There’s “green energy” and then there’s truly GREEN energy, or rather, blue-green energy. A colorful colony of photosynthetic cyanobacteria, known as blue-green algae, have successfully powered a computer microprocessor for longer than six months, according to a study published Thursday in the journal Energy & Environmental Science.
The little bio-based battery-alternative could serve as a way to power small electronics without rare earth elements and lithium, materials in short supply and under growing demand, according to the study researchers. Plus, the system could also help bridge the electricity divide, providing another power supply for people in rural areas or low income countries, said senior author Chris Howe, a biochemist at Cambridge University, in a press statement.

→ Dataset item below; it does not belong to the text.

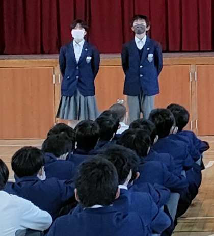 1年生が終わりにかかるにつれて授業態度を悪くなっているので気をつけること、1年生も残り少ないので皆に迷惑を掛けずに2年生に向けて有終の美を飾りましょう。

During a pandemic lockdown, the algae-computer system was placed in a the window of another Cambridge biochemist, Paolo Bombelli’s, home. It sat there from February to August 2021, and all the while it was working, according to reporting from New Scientist. In the six additional months following the official testing, the scientists said the algal device and computer kept running.
Although, the microprocessor has since been disconnected, the cyanobacteria device continues to produce current. “It’s still running and I hope it will run for very long time. Given the right conditions of light, temperature and water, I cannot predict when it will stop,” said Bombelli in an email to Gizmodo. To which Gizmodo says: Way to go microbes!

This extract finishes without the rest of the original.